About

Given UCLA’s role as a teaching institution, this clinic - like many clinics at UCLA - is a training clinic. Dr. Ott is the primary attending for this clinic. During the academic year, Second Year Child Psychiatry Fellows rotate through the Pediatric Neuropsychiatry Clinic as part of their specialty training in child and adolescent psychiatry.  However, at different times, various professionals in training may be present, including fellows in Pediatric Neurology, trainees in Psychology/ Neuropsychology, medical students and other visiting scholars.

 

  • Derek Ott, M.D., M.S. was born and raised in Kansas City, MO. He received a B.A. degree from Stanford University and then attended the University of Illinois in Urbana-Champaign, where he completed his medical and graduate training (Masters in Neuroscience).  Dr. Ott completed his clinical training in Adult and Child psychiatry, as well as research training, at the University of California Los Angeles Neuropsychiatric Hospital in Westwood.   Currently, he is an Assistant Clinical Professor of Psychiatry at UCLA and the director of the UCLA Pediatric Neuropsychiatry clinic. He has also served a an attending for several other teaching settings in the Division of Child Psychiatry at UCLA, including the Pediatric Psychopharmacology Clinic, the Pediatric Consultation Liaison Service, and UCLA/Westside Regional Center clinic.   Current research and clinical interests include pediatric psychopharmacology, pediatric neuropsychiatry, developmental disabilities and psychosis.

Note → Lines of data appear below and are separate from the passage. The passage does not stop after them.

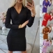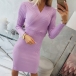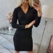 Fashion Solid Color Long Sleeve V-neck High Waist Slim Fit Knit Dress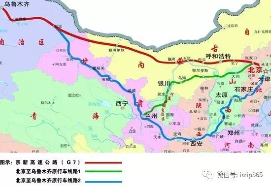 具体线路:北京→张家口→集宁→呼和浩特→临河→额济纳旗→酒泉(马鬃山)→哈密→伊吾→巴里坤→奇台→乌鲁木齐。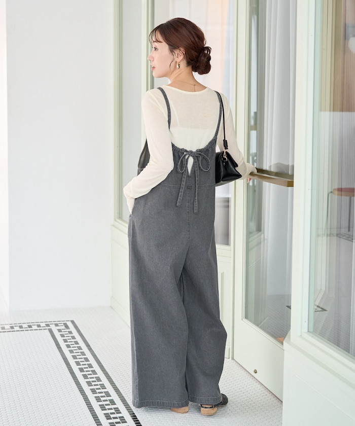 ラフになりがちなサロペットもリボン付きで女性らしい印象に!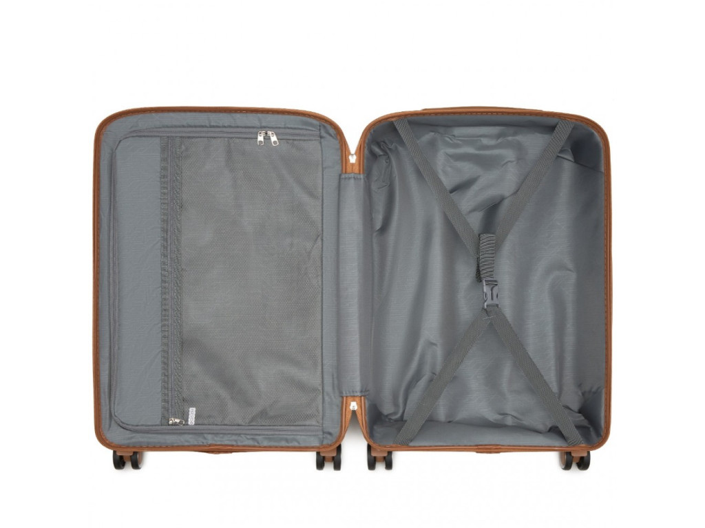 - Nylonové krížové popruhy pre upevnenie obsahu na jednej strane a zipsom uzatváraná priehradka na druhej strane kufra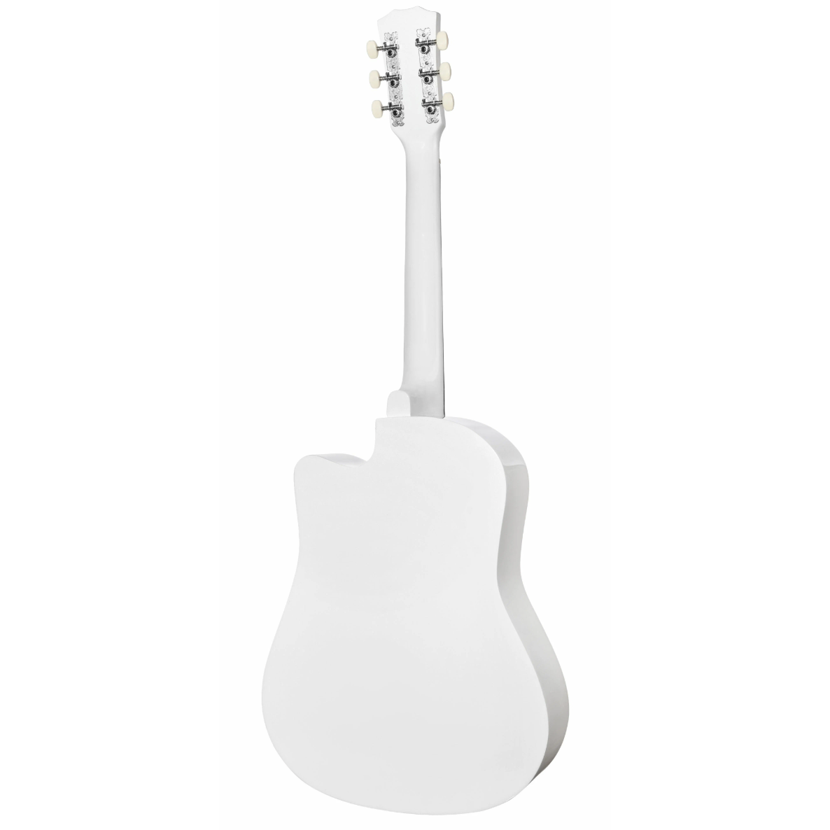 акустическая гитара с корпусом типа фолк и вырезом, окрашенная в белый цвет. Модель ориентирована на правую руку, оснащена металлическими струнами.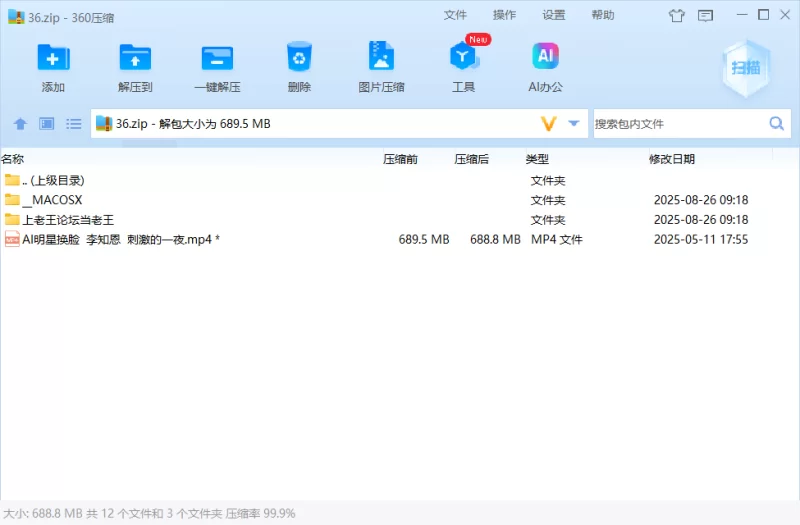 [国产自拍][自行打包] 「AI换脸」李知恩 刺激的一夜 [1V+689M][百度盘]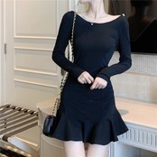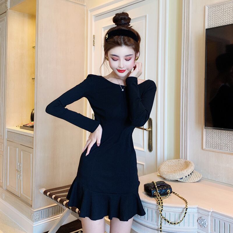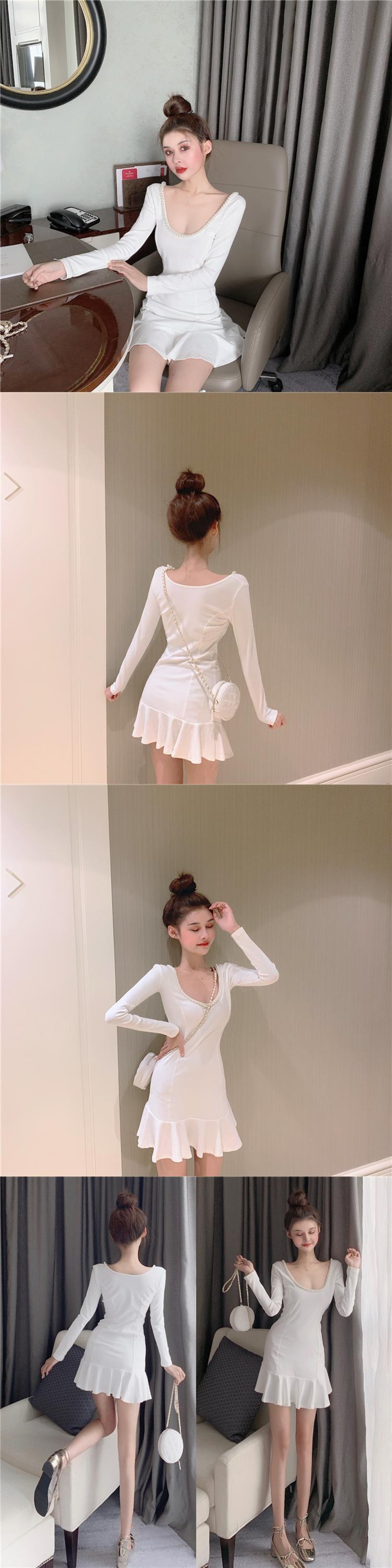 2021年秋新しい女性有名人の気質セクシーなローカットUネックフロントとリアの明るいシルクバッグヒップフィッシュテールドレス micat79921907264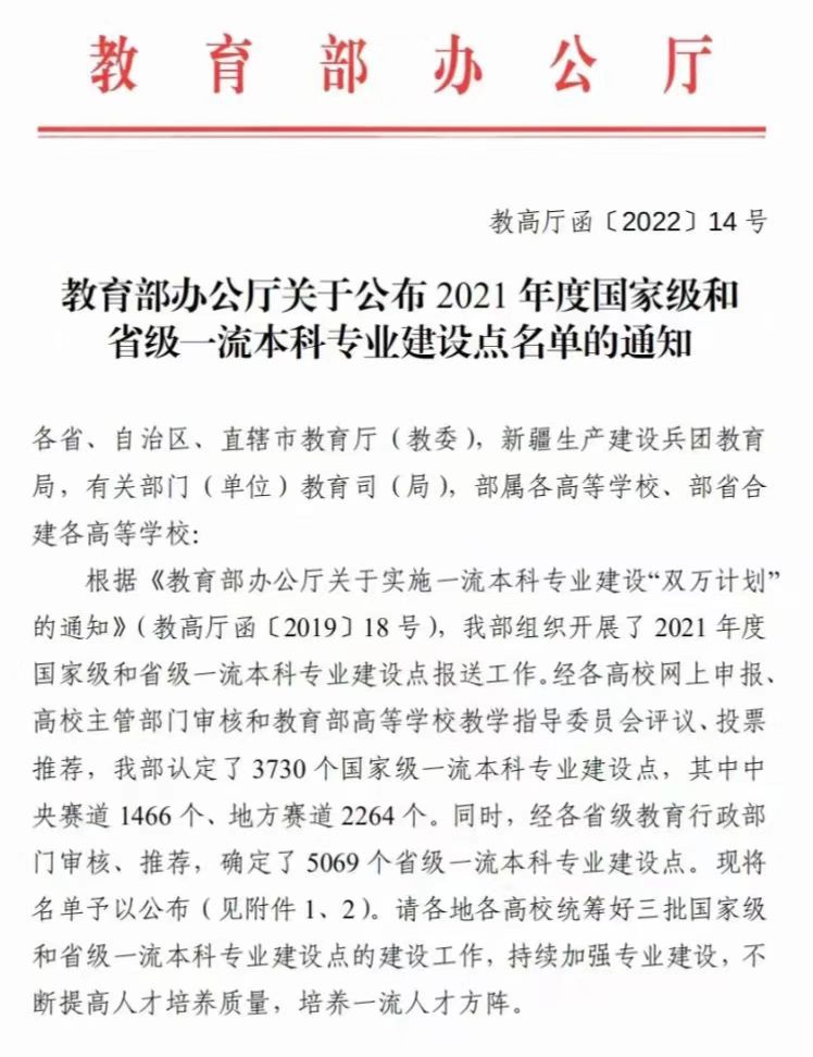近日,教育部办公厅发布《关于公布2021年度国家级和省级一流本科专业建设点名单的通知》(教高厅函[2022]14号),蘑菇视频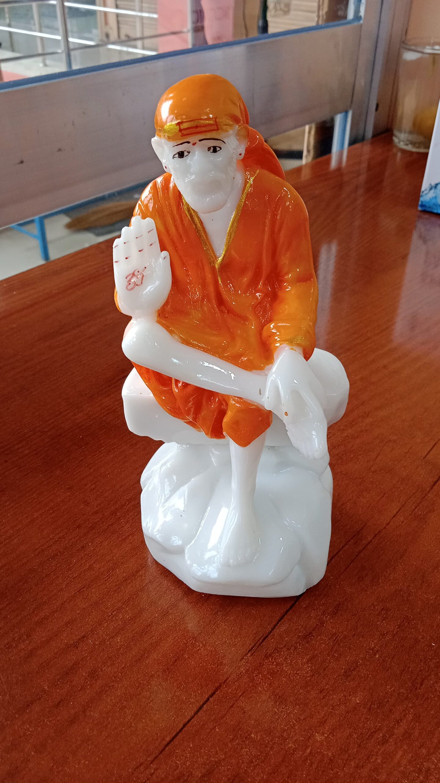 Bring serenity and divine grace into your space with this beautifully crafted Sai Baba statue. Made from high-quality, glossy material, this statue captures Sai Baba seated in a meditative posture, dressed in a vibrant orange robe that radiates warmth and devotion. His right hand is raised in a blessing gesture, symbolizing protection and guidance, while the left hand rests peacefully on his knee.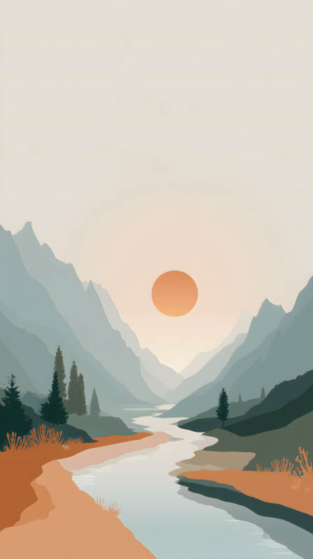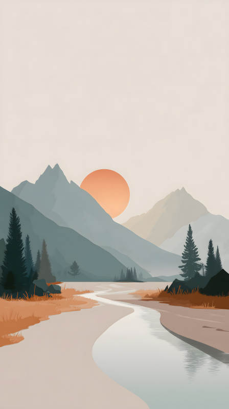 宁静祥和的山河日落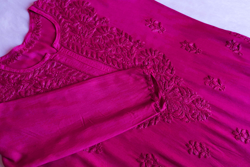 Deep Pink Ombre Long Rayon top with chikankari handwork in Paisley and Floral pattern. It's a really Stylish top with beautiful details and comfort!
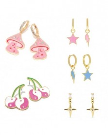 Viny 2021 trendi zománc fülbevaló Pendiente 925 ezüst fülbevaló nőknek Star Lightning Cherry Love Mushroom Stud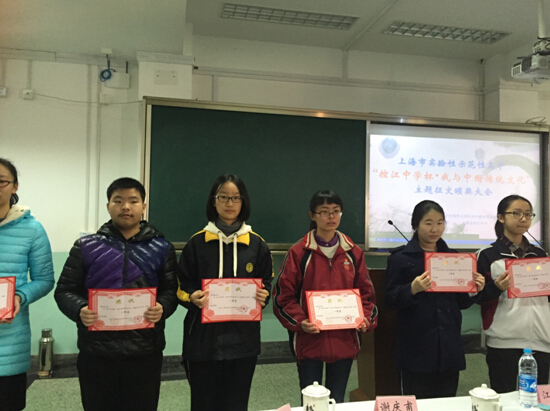 2016年3月26日,由上海市中小学德育研究协会、实验性示范性高中德育管理专委会、青年报、学生导报联合举办的“控江中学杯”“我与中国传统文化”征文评选活动揭晓,我校从参赛的42所学校中脱颖而出,获得优秀组织奖。我校共有四位同学获奖,来自高二(1)班由孟雅婷老师指导的顾刘杰获得了一等奖,来自高三(5)班由崔雅章老师指导的吴妍旻和陆晶分获二等奖和三等奖,来自高二(7)班由邬彦影老师指导的范翱获得三等奖。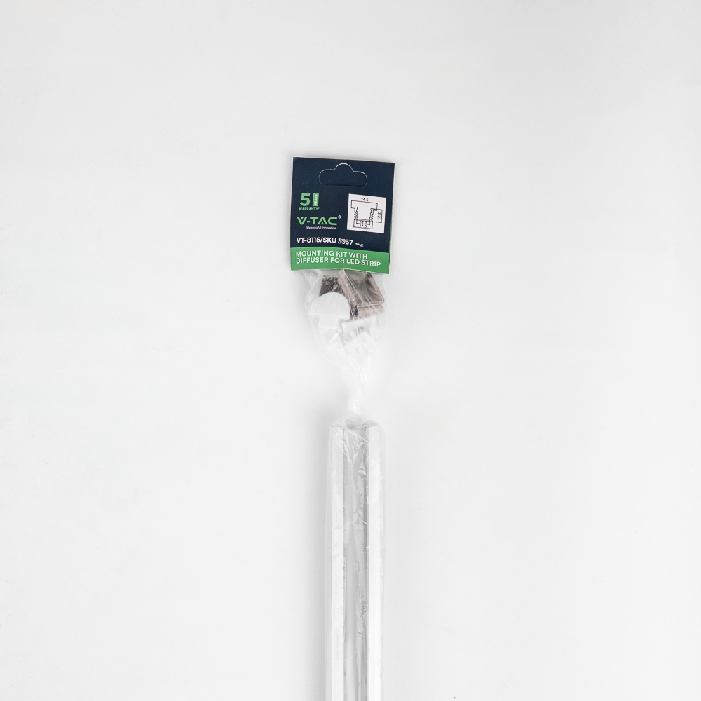W zestawie, profil 2 metry, zaślepki końcowe, uchwyty montażowe oraz klosz mleczny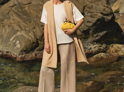 Il piacere di una giornata al mare. Il color sabbia e il beige, contrastati da tonalità vivaci che dall\’azzurro vanno fino al corallo e al color curry, danno vita alla palette perfetta per la bella stagione. Gli ampi orizzonti e il bagliore del sole caratterizzano queste giornate, ideali per sfoggiare i look dell’estate. Gonne fluide e top leggeri, sono perfetti per una giornata in riva al mare o in cima a una scogliera. Gli accessori completano il look: un cappello a cloche, delle scarpe slip-on e l’iconica Pasticcino Bag.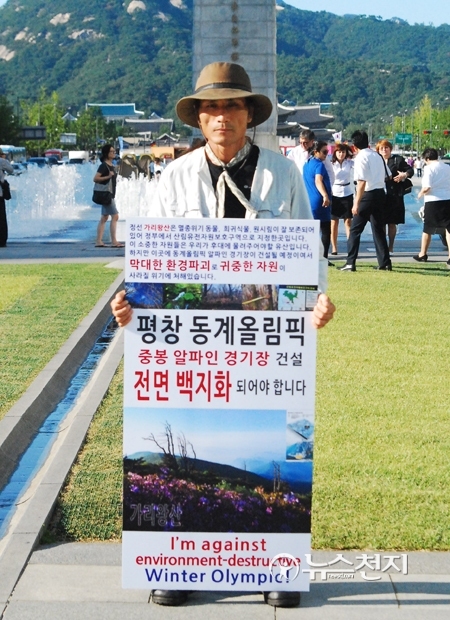[천지일보=장수경 기자] 4일 오후 서울시 종로구 광화문광장 이순신 동상 앞에서 환경운동가인 최병학(53) 씨가 “평창 동계올림픽 중봉 알파인 경기장 건설을 전면 백지화 해야 한다”고 주장했다.

  • Rochelle Caplan, M.D. a pediatric neuropsychiatrist, has served on the Department of Psychiatry faculty since 1985, and became a full professor in 2000. She received her MD from the Hebrew University, and trained in both adult and child psychiatry at Sackler Medical School affiliated psychiatric hospitals in Israel. As an NIH research fellow at UCLA and NIMH career development awardee she developed instruments for measuring thought disorder in children. She developed the UCLA clinical and research pediatric neuropsychiatry program, and conducts psycholinguistic, behavioral, structural and functional neuroimaging studies on pediatric neurobehavioral disorders including schizophrenia and epilepsy. She is a recipient of numerous awards including the Distinguished Research Mentor Award of the Academy of Child and Adolescent Psychiatry.